Oggi, gli operatori di mercato devono valutare attentamente i flussi di cassa, i periodi di detenzione e il potenziale di sfruttamento degli asset, anziché concentrarsi semplicemente sulla domanda "di quanto aumenterà il prezzo?".
Uno dei cambiamenti più evidenti riguarda le preferenze di investimento. In passato, molti erano disposti a investire basandosi esclusivamente sulle informazioni urbanistiche o sull'aspettativa di un'impennata dei prezzi dei terreni, ma ora gli investitori tendono ad essere molto più cauti.
Il concetto di "difesa attiva" riflette chiaramente il sentimento generale del mercato. Invece di inseguire profitti esplosivi a breve termine, i capitali si stanno dirigendo verso attività in grado di preservare il valore e generare un reddito stabile.
Gli immobili che possono essere affittati, che soddisfano effettive esigenze residenziali o che si trovano in zone urbane consolidate sono sempre più apprezzati. Gli investitori non si concentrano più sul tasso di aumento dei prezzi, ma prestano maggiore attenzione alla qualità dell'immobile.
Il dottor Nguyen Van Dinh, vicepresidente dell'Associazione immobiliare vietnamita (VNREA), ritiene che, con il cambiamento del mercato immobiliare e la crescente importanza attribuita al valore reale, anche gli investitori siano costretti a modificare i propri criteri di selezione degli immobili. Invece di limitarsi a considerare l'aspettativa di un apprezzamento del prezzo, dovranno valutare se l'immobile soddisfa realmente le loro esigenze, se ha un potenziale di valorizzazione e se crea valore sostenibile.
Ha affermato che in passato molti investitori davano la priorità all'acquisto di immobili solo nelle zone centrali di Hanoi e Ho Chi Minh City. Tuttavia, i prezzi attuali sono molto alti, mentre il potenziale di sfruttamento non è più così attraente come prima.

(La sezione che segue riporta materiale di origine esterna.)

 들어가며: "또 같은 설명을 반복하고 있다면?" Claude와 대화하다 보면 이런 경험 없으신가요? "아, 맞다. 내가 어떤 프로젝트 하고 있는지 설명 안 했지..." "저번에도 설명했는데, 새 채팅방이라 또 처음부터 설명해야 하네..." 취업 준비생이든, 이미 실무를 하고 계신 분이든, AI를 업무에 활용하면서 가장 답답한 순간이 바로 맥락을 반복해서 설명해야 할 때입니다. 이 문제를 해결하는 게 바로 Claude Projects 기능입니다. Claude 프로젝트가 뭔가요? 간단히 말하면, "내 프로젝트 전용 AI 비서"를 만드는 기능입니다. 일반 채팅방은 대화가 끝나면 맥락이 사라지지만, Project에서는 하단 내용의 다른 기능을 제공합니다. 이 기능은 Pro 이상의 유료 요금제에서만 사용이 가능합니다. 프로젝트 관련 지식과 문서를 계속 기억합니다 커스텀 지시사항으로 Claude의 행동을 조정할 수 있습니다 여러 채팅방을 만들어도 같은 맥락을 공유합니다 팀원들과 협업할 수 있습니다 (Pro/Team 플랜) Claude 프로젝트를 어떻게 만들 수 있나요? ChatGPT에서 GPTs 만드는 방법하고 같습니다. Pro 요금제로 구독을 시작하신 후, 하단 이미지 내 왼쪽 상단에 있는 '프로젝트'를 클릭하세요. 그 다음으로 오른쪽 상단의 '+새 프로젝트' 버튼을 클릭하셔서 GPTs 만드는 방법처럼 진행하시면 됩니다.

In questo contesto, secondo lui, gli investitori dovranno ampliare la loro ricerca a nuove aree. Tuttavia, non sceglieranno più basandosi su una mentalità del tipo "cavalcare l'onda", ma dovranno analizzare attentamente ogni progetto. L'importante non è più se il progetto si apprezzerà nel tempo, ma se ha il potenziale per creare un vero e proprio centro urbano con residenti, attività commerciali, posti di lavoro e un sistema di servizi e infrastrutture in grado di generare vitalità a lungo termine.

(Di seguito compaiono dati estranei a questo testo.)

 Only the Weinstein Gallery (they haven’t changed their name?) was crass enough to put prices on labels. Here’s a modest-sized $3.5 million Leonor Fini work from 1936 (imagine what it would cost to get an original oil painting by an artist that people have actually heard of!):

Il dottor Nguyen Van Dinh ritiene che se un progetto è in grado di attrarre residenti, generare attività commerciali e formare una comunità, il valore dell'immobile avrà basi di crescita più sostenibili. Allo stesso tempo, anche il potenziale di sfruttamento commerciale e di reddito da locazione sarà maggiore. Per chi acquista casa, le aree con infrastrutture integrate, servizi completi e un ambiente di vita dinamico diventeranno la scelta preferita.
Secondo lui, dopo le fluttuazioni di mercato degli ultimi due anni, gli investitori sono diventati molto più cauti e realistici. Sono costretti a valutare attentamente le proprie opzioni prima di investire, invece di aspettarsi semplicemente profitti a breve termine come in passato.
Ha osservato che i prodotti selezionati nel prossimo periodo dovranno soddisfare simultaneamente diversi criteri: dovranno essere adatti all'uso residenziale, avere un potenziale di reddito da locazione, generare un flusso di cassa stabile e presentare ancora margini di apprezzamento del valore in futuro. Questi saranno i fattori più importanti che influenzeranno le decisioni di acquirenti e investitori nel nuovo ciclo di sviluppo del mercato immobiliare.